**WORK TASK**
Copy out exactly, from the entries that follow, the line holding "The Design looked", the line holding "Speedo Unisex-Adult Deluxe", and all lines between them, but no pictures.
━━ INFORMATION PROVIDED
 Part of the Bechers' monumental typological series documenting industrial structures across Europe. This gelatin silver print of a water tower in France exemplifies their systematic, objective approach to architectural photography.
━━━━
━━ INFORMATION PROVIDED
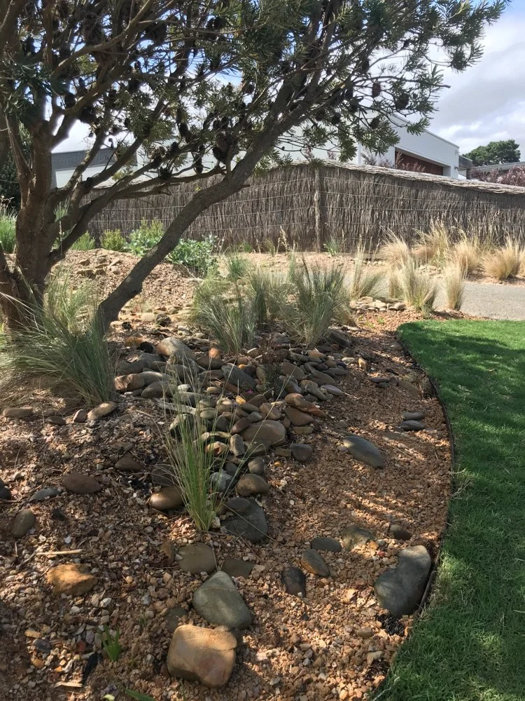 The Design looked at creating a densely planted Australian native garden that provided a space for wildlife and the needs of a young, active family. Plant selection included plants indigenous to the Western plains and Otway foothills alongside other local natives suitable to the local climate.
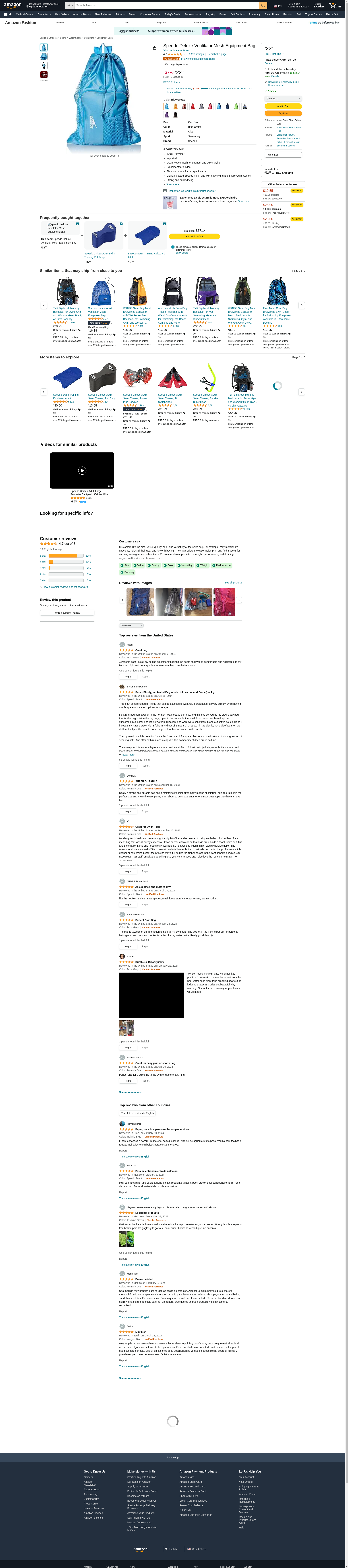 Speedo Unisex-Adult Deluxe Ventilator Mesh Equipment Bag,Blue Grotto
━━━━
**RESPONSE AREA**
 The Design looked at creating a densely planted Australian native garden that provided a space for wildlife and the needs of a young, active family. Plant selection included plants indigenous to the Western plains and Otway foothills alongside other local natives suitable to the local climate.
 Speedo Unisex-Adult Deluxe Ventilator Mesh Equipment Bag,Blue Grotto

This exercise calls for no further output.